DATASET SECTION –
┄┄┄┄┄┄┄┄┄┄┄┄┄┄┄┄┄┄┄┄

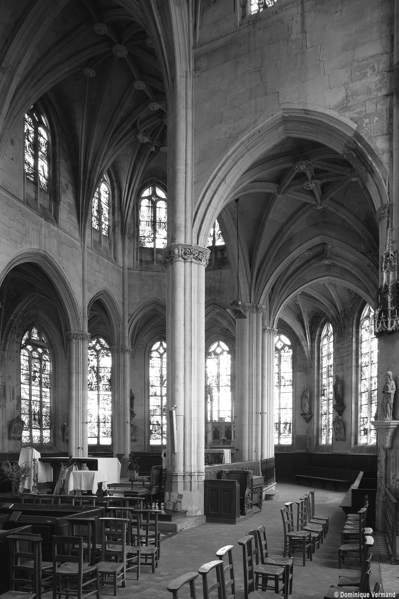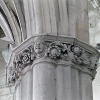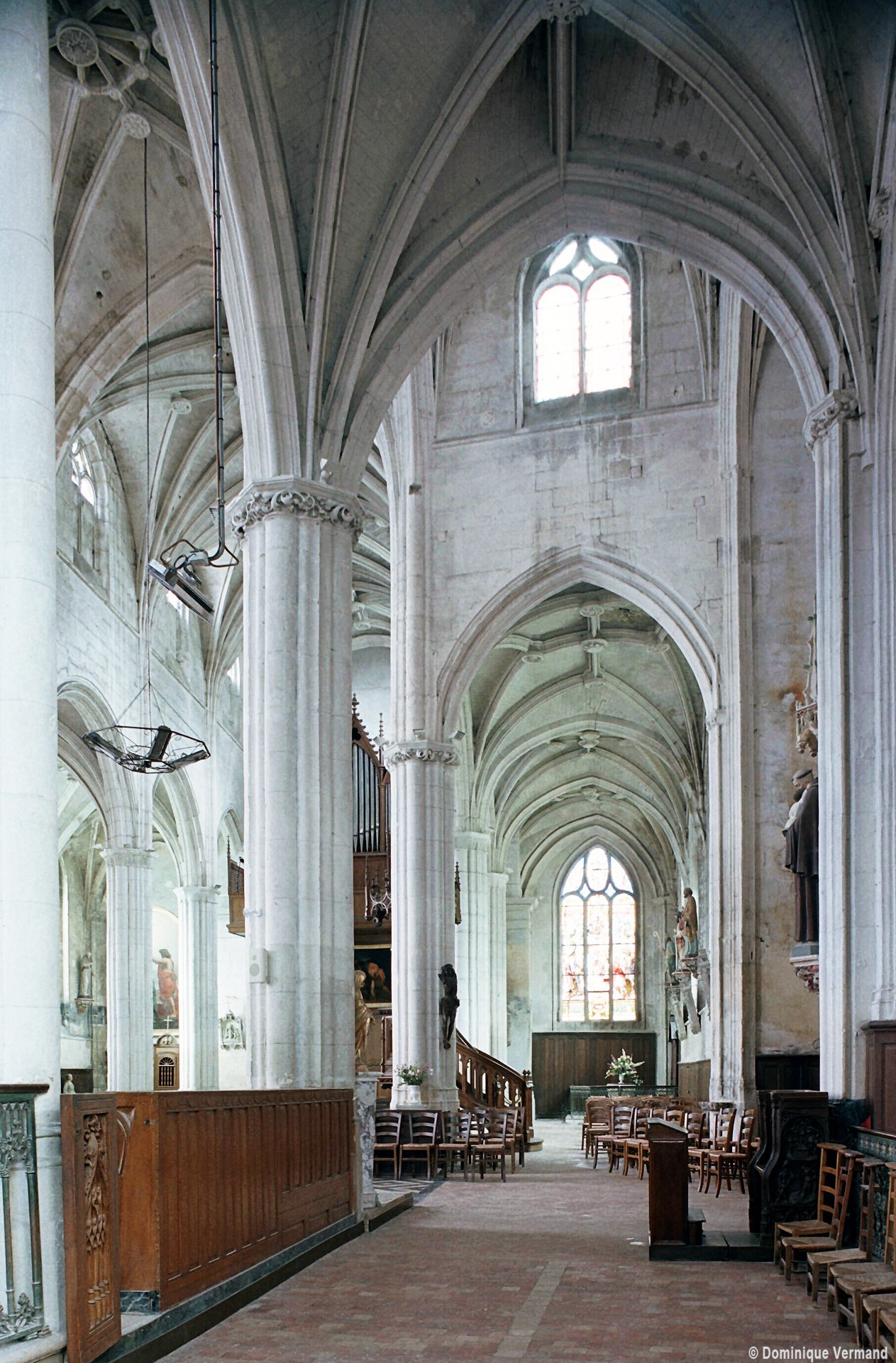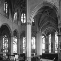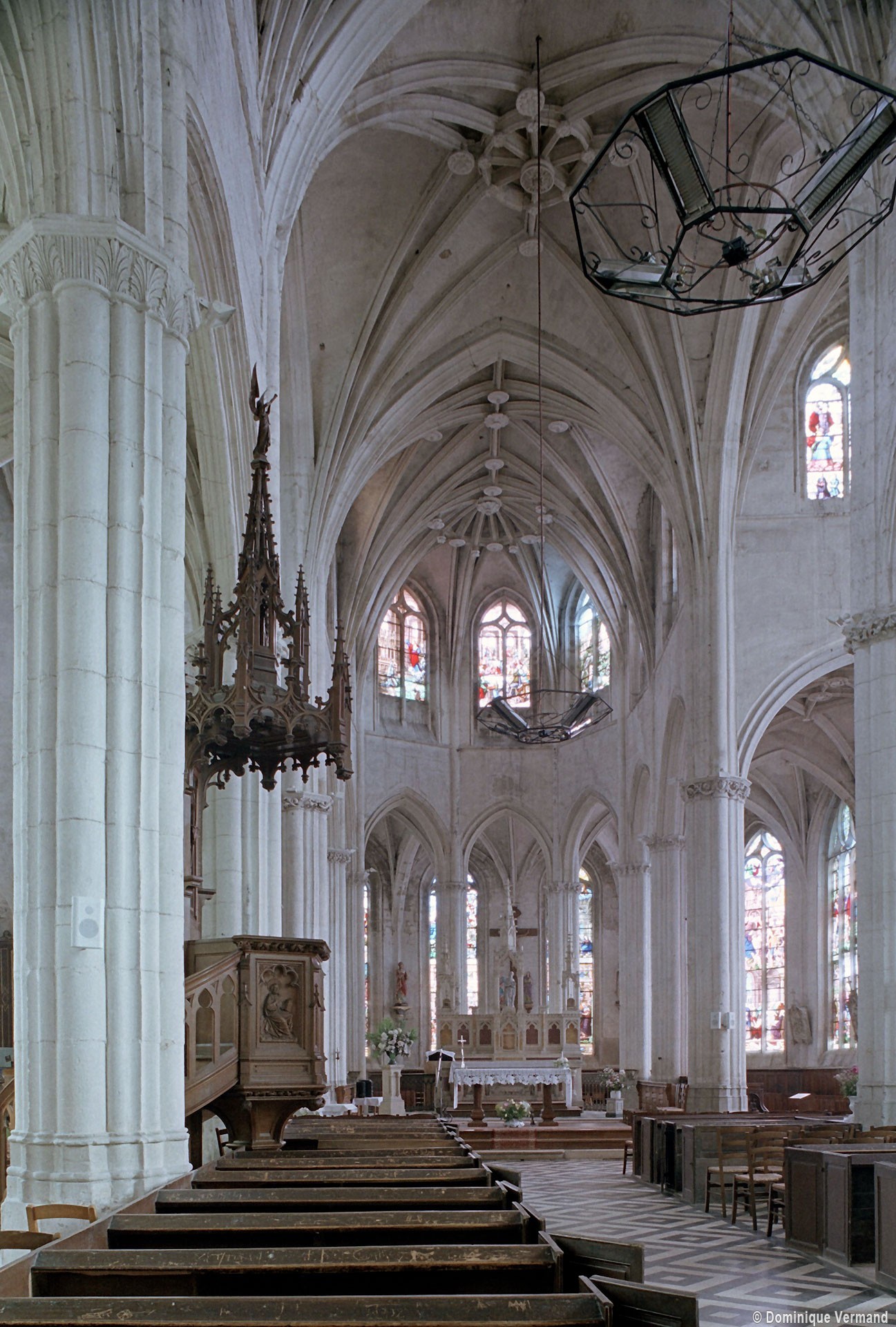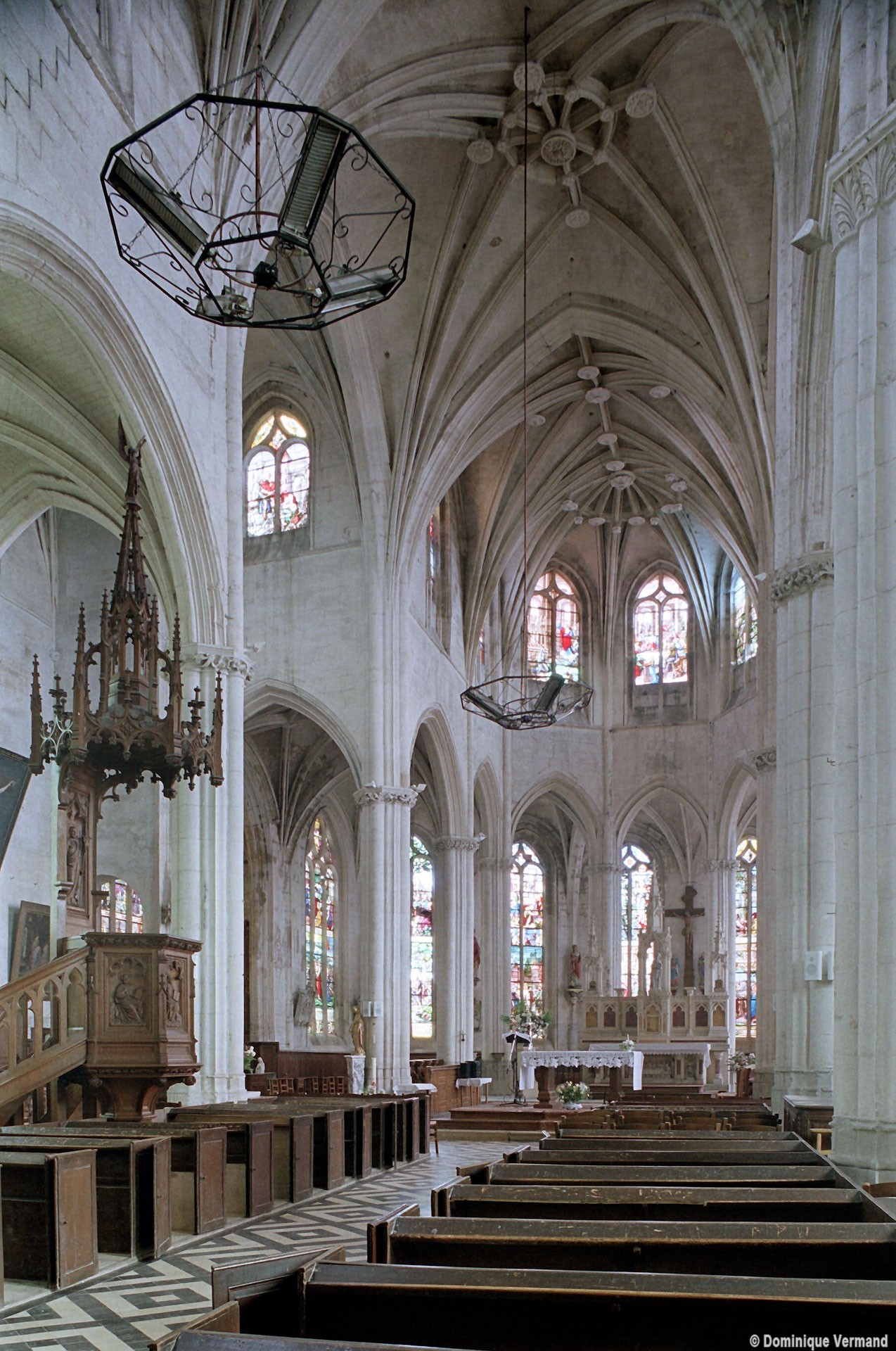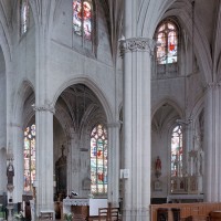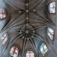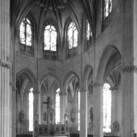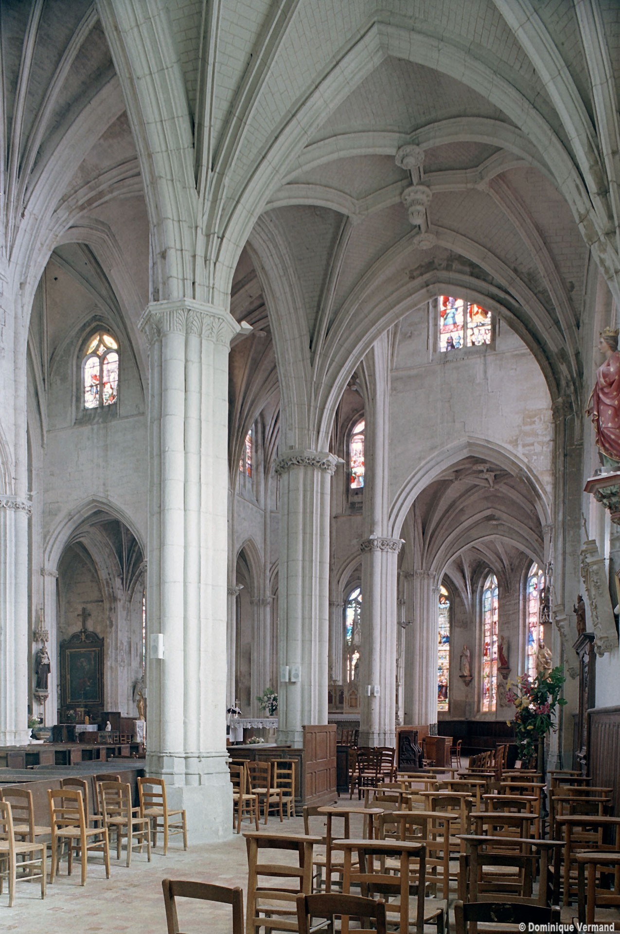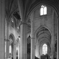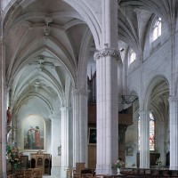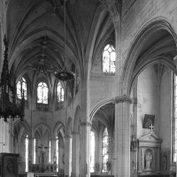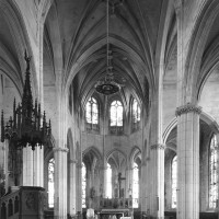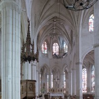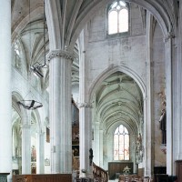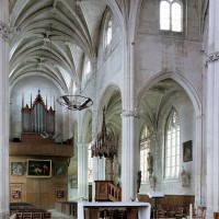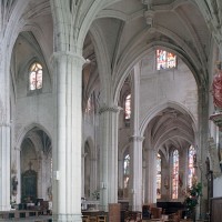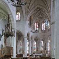 A l’intérieur, l’église est remarquable par son espace très ouvert, totalement unifié, grâce à des arcades larges et hautes (elles représentent près des deux tiers de l’élévation totale), retombant sur des piles minces : bas-côtés et déambulatoire sont ainsi visuellement annexés au vaisseau central. La structure de l’édifice se réclame encore de l’architecture gothique des 13ème et 14ème siècles, notamment dans les piles, composées de nombreuses colonnes et colonnettes et couronnées de chapiteaux formant frise, au décor de rinceaux de feuillages parfois mélangés de masques ou de têtes d’anges. Le dessin des voûtes, avec liernes et tiercerons (associés à la croisée d’ogives dans le vaisseau central ; utilisés seuls dans les bas-côtés et le déambulatoire), leur profil prismatique et le réseau des fenêtres sont bien la marque, en revanche, de l’architecture gothique tardive.
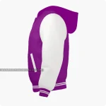 Indulge in the essence of classiness and royalty with our purple and off white varsity jacket! What makes it royal and grabs attention is the hoodie-style and colors. Purple is the color of royalty and empowerment mixed with off white it is outstanding. Crafted with high-quality wool it assures comfortability and durability that will stay for generations. It’s a rough and tough jacket for all occasions, be it casual or semi-formal. Let your style speak volumes with this purple and off white varsity jacket for men and women. Customize these purple varsity jackets according to your collar style (byron or regular), size, fabric (satin or leather), and color combination!
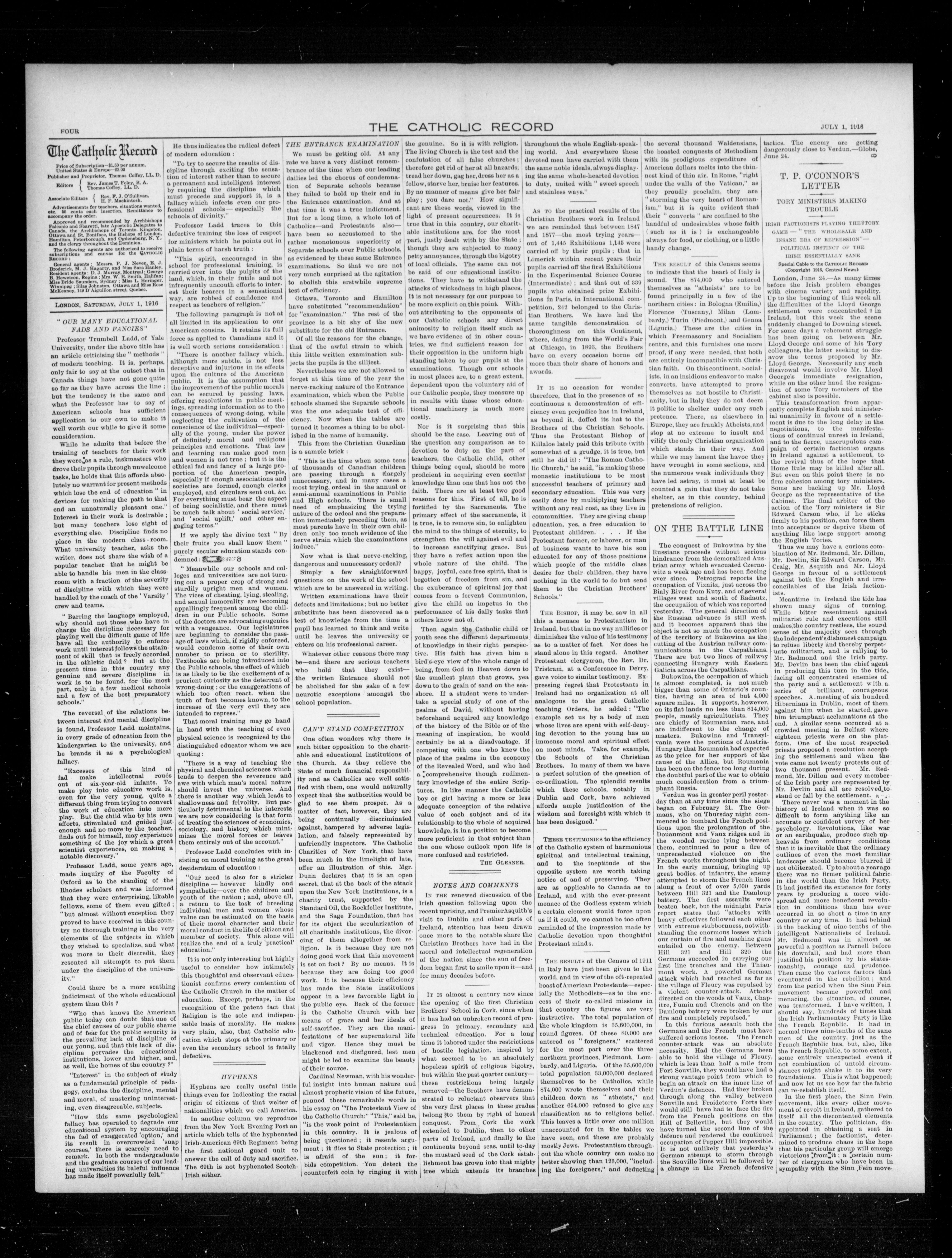 The Catholic record : Volume XXXVIII, [No.] 1967 (July 1, 1916)

┄┄┄┄┄┄┄┄┄┄┄┄┄┄┄┄┄┄┄┄

Type the listing out again word for word, passing over each picture.

RESULT FOR THIS TASK –
 A l’intérieur, l’église est remarquable par son espace très ouvert, totalement unifié, grâce à des arcades larges et hautes (elles représentent près des deux tiers de l’élévation totale), retombant sur des piles minces : bas-côtés et déambulatoire sont ainsi visuellement annexés au vaisseau central. La structure de l’édifice se réclame encore de l’architecture gothique des 13ème et 14ème siècles, notamment dans les piles, composées de nombreuses colonnes et colonnettes et couronnées de chapiteaux formant frise, au décor de rinceaux de feuillages parfois mélangés de masques ou de têtes d’anges. Le dessin des voûtes, avec liernes et tiercerons (associés à la croisée d’ogives dans le vaisseau central ; utilisés seuls dans les bas-côtés et le déambulatoire), leur profil prismatique et le réseau des fenêtres sont bien la marque, en revanche, de l’architecture gothique tardive.
 Indulge in the essence of classiness and royalty with our purple and off white varsity jacket! What makes it royal and grabs attention is the hoodie-style and colors. Purple is the color of royalty and empowerment mixed with off white it is outstanding. Crafted with high-quality wool it assures comfortability and durability that will stay for generations. It’s a rough and tough jacket for all occasions, be it casual or semi-formal. Let your style speak volumes with this purple and off white varsity jacket for men and women. Customize these purple varsity jackets according to your collar style (byron or regular), size, fabric (satin or leather), and color combination!
 The Catholic record : Volume XXXVIII, [No.] 1967 (July 1, 1916)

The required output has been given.